Workshop on Language Resources for European Minority Languages
Granada, Spain; 27 May 1998 (morning)

The old quip attributed to Uriel Weinreich, that a language is a dialect with an army and a navy, is being replaced in these progressive days: a language is a dialect with a dictionary, grammar, parser and a multi-million-word corpus of texts-and they'd better all be computer tractable. When you've got all of those, get yourself a speech database, and your language will be poised to compete on terms of equality in the new Information Society.

This is in principle a much more accommodating doctrine than the old one: all that is necessary for the new attributes of linguistic dignity is some money, and a university team with an interest in your language, although (as with the army-and-navy test) it does help if there is some civic unity (to provide a centre of gravity for outliers) and if modern users of the language outnumber the records of its use by ancestors.

Still, even in these informatic days, there remains a sense of 'safety in numbers' for so-called "minority" languages, i.e. those which still fail the army test-and the half-hearted attitude in Ireland means that Irish tends to fall back into this category. (The navy part of the criterion was never serious: look at Hungarian and Czech.) So when ELRA announced a Conference of Language Resources and Engineering, a carnival of words and data-stores which possessed Granada in the last week of May this year, there was a clear role for a separate Workshop on Language Resources for European Minority Languages.

It was one of eight workshops attached to the Conference proper, but the only one which ranged over the whole gamut of resources: all the other workshops were restricted to one or other technical aspect of the vast task of gathering these materials, evaluating them, and making them accessible to those who need them. The unspoken premiss of the Worshop was: how do you go about gathering resources without patriotic help from a central government?

The implicit answers to the question were various. Not surprisingly, the more speakers your language has, the more options (and hence projects) there are likely to be.

Within the kingdom of Spain, Catalan and Galician are both regional languages, but they each have over 3 million speakers (Catalan, over 4 million): and they were represented by a variety of projects at the workshop, 6 for Catalan and 4 for Galician. (At this level of population they are only slightly less spoken than national languages such as Danish and Finnish, and much more than Icelandic's 230 thousand.) Telefonica, the Spanish telephone company had gathered Speech Data for them, since they were so widely spoken in Spain, but they were each supported for the gathering of textual resources by their regional governments, Generalitat de Catalunya and Xunta de Galicia.

At the next level down, languages with half a million speakers (Welsh, Basque, Breton) the situation is various: we heard of three projects for Basque and for Welsh, but only one for Breton. Basque has a speech database, and framework for textual processing at all levels from morphology to semantic networks.

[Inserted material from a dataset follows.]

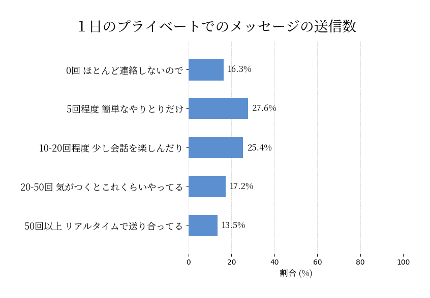 LINEやメール、メッセージアプリなど1日プライベートで何人くらいとやりとりしますか?グループチャットは1人として数えください。

The Spanish and Basque Governments had provided some funding to the university teams involved, essentially through the general mechanism for supporting research. Welsh is pretty much on a par (with a phonetic DB supported by one of the UK's Research Councils), but European funding now was in evidence (via the SpeechDat II consortium)); a university department (Bangor) had various text processing resources to offer, but not a parser. Breton was the Cinderella of the trio, with only one project reported, KGB: this was centred very much about use of computers for education. It is hard to avoid the conclusion that linguistic resource development tends to correlate with the level of political autonomy of a language community.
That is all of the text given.